Inline IL ASM in C# with Roslyn

Source code for Roslyn changes is available on github

Source code of the example program is available in this gist

In the past years I have been using and abusing a lot patching assemblies for IL bytecode. It all started with SharpDX in this old blog post and I imported all these good recipes while developing Xenko (which has further exaggerated the usage with its AssemblyProcessor!)

The main approach for doing this was to rely on Mono.Cecil and perform some basic IL rewriting (See for example InteropApp.cs) needed to access some IL instructions not available in C# but still very useful or sometimes even mandatory.

Just a few days ago, someone proposed to add support for “compiler intrinsics” to Roslyn. I was pretty happy to see this coming, as It could potentially obviate the usage of IL repatching (which comes sometimes with lots of problems: Mono.Cecil sometimes messing up debug info, or an assembly that would no longer be certified/working on a specific .NET platform/runtime… etc.).

While I’m enthusiastic about the general idea of this proposal, I was expecting a simpler way of bringing this feature to Roslyn, by allowing to write almost directly IL ASM code in your program, to make it a lot easier for a end-user (a user used to read or write IL ASM code). The main arguments against my proposal was that it would be complicated to implement, It would not feel enough C# friendly or it may not provide a good syntax analysis.

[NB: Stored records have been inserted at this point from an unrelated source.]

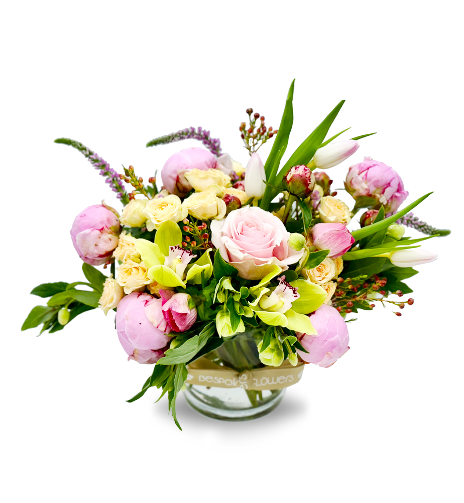 This beautiful arrangement is crafted in a cylinder vase with Peonies, helleborus, roses, spray roses, veronicas, cymbidium orchids and tulips mixed with waxflowers to serve as a thoughtful reminder of your care and love.
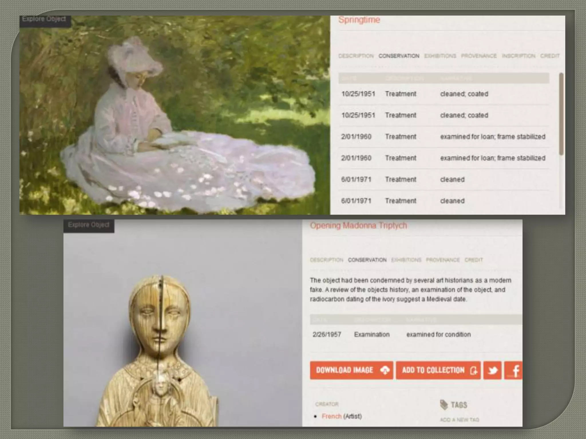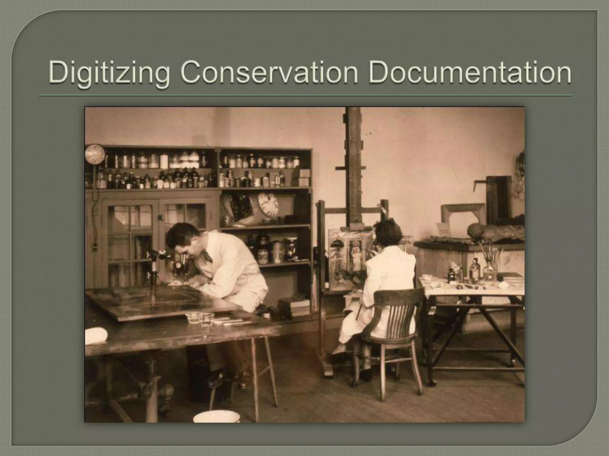 The document discusses plans to catalog and publish online conservation histories and information for 5,000 works of art. It recommends using a license-free conservation tracking system to scan paper files, transcribe information into records, and digitize materials. It notes that the published data will include keywords, activity types and dates in a grid format, and may also include abstracts or narratives when available. The information will be shared on the museum's website and issues remain to be addressed creatively.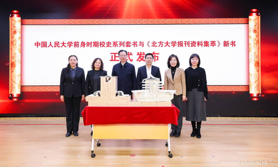 会上,郑水泉,中国人民大学校史馆、博物馆馆长李贞实,中国人民大学出版社副总编辑于波,贾云霄,徐惠敏,张盈利共同发布中国人民大学前身时期校史系列套书和《人民立场 求是精神——北方大学报刊资料集萃》。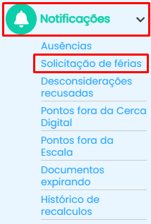 Para acessar as solicitações de férias clique em Notificações >> Solicitações de férias, canto esquerdo da tela.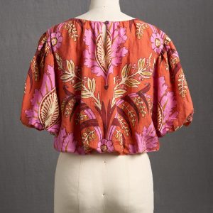 The joy of color. Our stunning engineered print linen top is so flattering with puff sleeves and elastic waist. Scoop neck and back notch with button and loop closure. Fully lined. Machine wash. Imported. Sundance exclusive. Sizes XS (0–2). S (4–6). M (8–10). L (12–14). XL (16–18). XXL (20–22). Approx. 21l.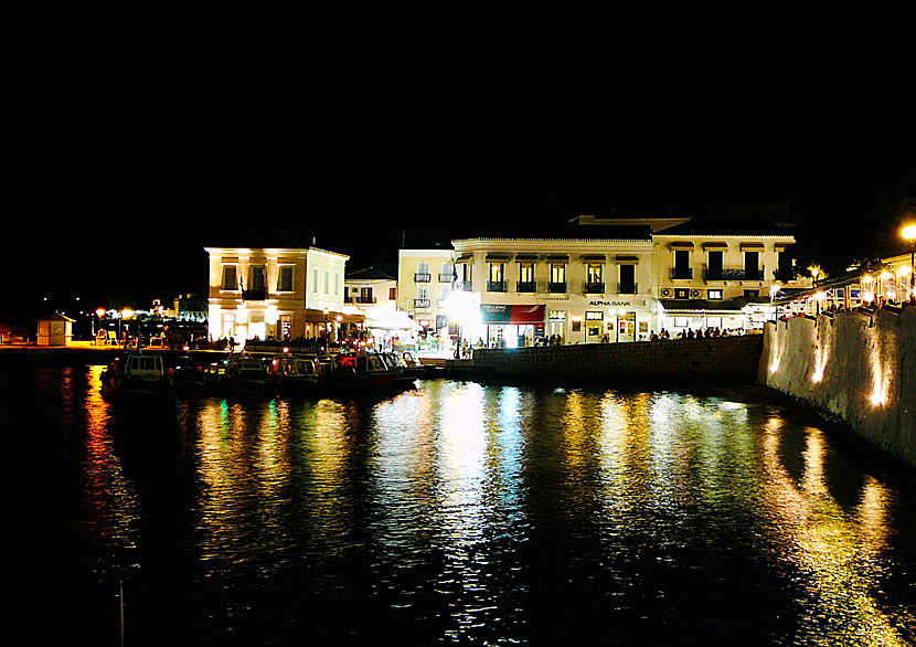 Innan vi gick hem skulle vi ta några bilder som skulle symbolisera nattlivet på Spetses. När jag skulle ta en bild över den lilla hamnen nedan kände jag att något kröp på ena benet. Först trodde jag att det var en katt som strök förbi, men det kändes som något annat.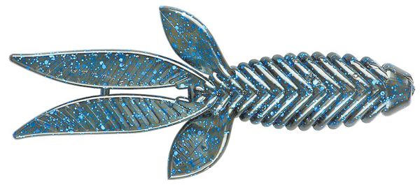 Water displacement also is what this soft plastic is all about, he said. The creature bait’s body has attention-getting ribbed body, two big flappers and a pair of long legs that brings bass in for a closer look, he said.
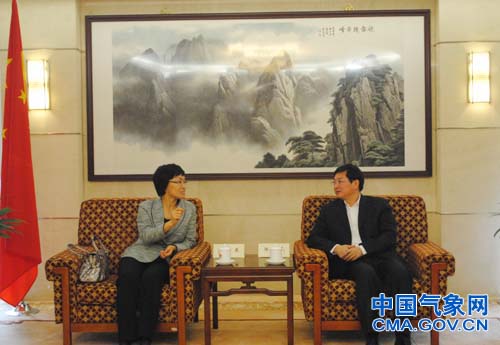 11月24日,在中国气象局与中国联通签署合作协议前,矫梅燕与陆益民进行会见 何孟洁摄影报道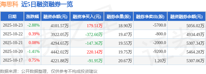 海思科融资融券信息显示,融资方面,当日融资买入1033.25万元,融资偿还853.74万元,融资净买入179.51万元。融券方面,融券卖出3500.0股,融券偿还9200.0股,融券余量18.9万股,融券余额954.45万元。融资融券余额5056.02万元。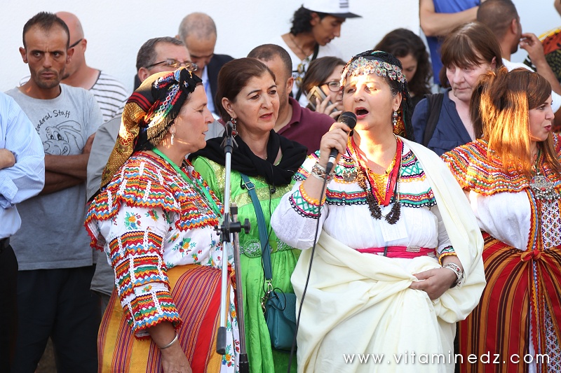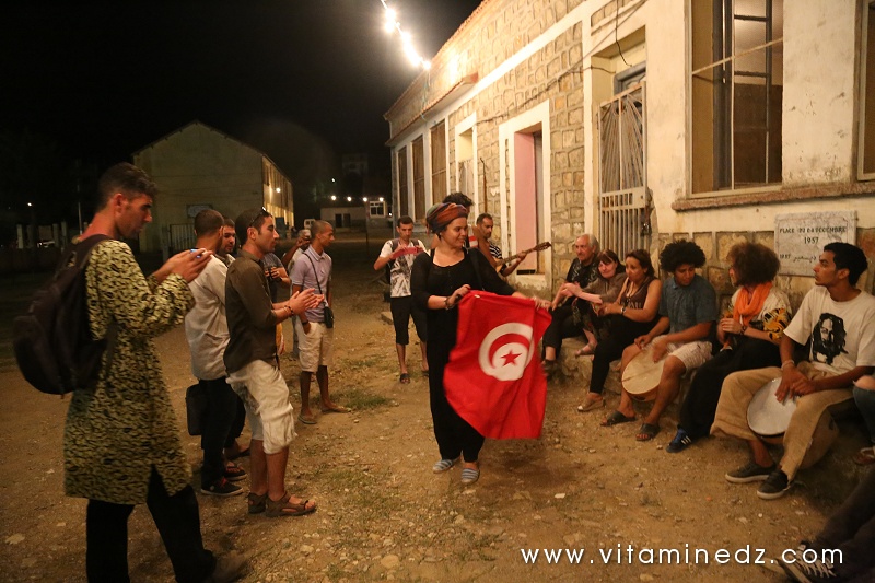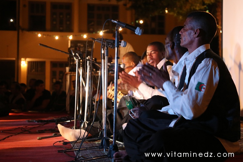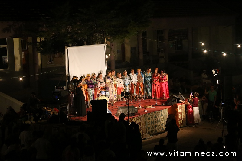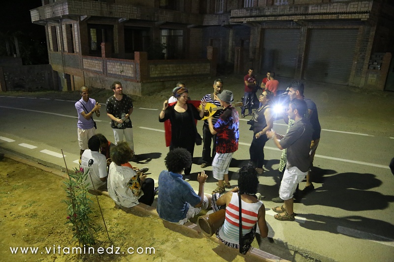 En soirée, et durant toute la semaine, des projections cinématographiques ont eu lieu à 22h et des concerts à partir de minuit. Beaucoup de groupes sont passés sur la scène du festival Raconte-Arts cette année. Il y a eu Sidi Bemol, Akli D, Diwan de Blida avec Mohamed Behaz, le Diwan de Ouaregla et le Diwan de Ghardaîa. Les diwan, en plus de leur prestation scénique, nous ont gratifiés d’une déambulation dans les dédales du village. Ganga (tambour) et Karkabou (crotales) donnant le tempo, les chants d’invocation et les danses koyo ont été au rendez-vous pour le plus grand plaisir des présents. Dans la programmation musicale, il y avait aussi ce groupe de Dames du village, toutes vêtues de tenues traditionnelles, sourires marqués sur leurs visages et ces chants, ces magnifiques chants, souvent de complaintes, sinon de fêtes. Mon coup de cœur !

Fair enough, but I still wanted to challenge the idea and prove that it is a lot less complicated than it sounds and that overall using in C# could be pretty cool or at least, a lot more appealing than the original proposal, for the IL casual end-user I am…

In this blog post I will explain a bit the implementation details of a prototype that allows to use a seamlessly integrated inline IL ASM syntax into C#, almost as it was a DSL!

In which case?

As it is explained in the Proposal: Compiler intrinsics #11475, there are some cases where we need to access some IL instructions, for example:

  • sizeof of a blittable struct using generics (instead of calling the much more CPU consuming Marshal.SizeOf)
  • deref pointer manipulation with generics (deref a reference to a blittable struct to a void*)
  • call an unmanaged function directly via the calli opcode (used a lot in SharpDX COM interop as well as in the MCG used to generate .NETNative interop code)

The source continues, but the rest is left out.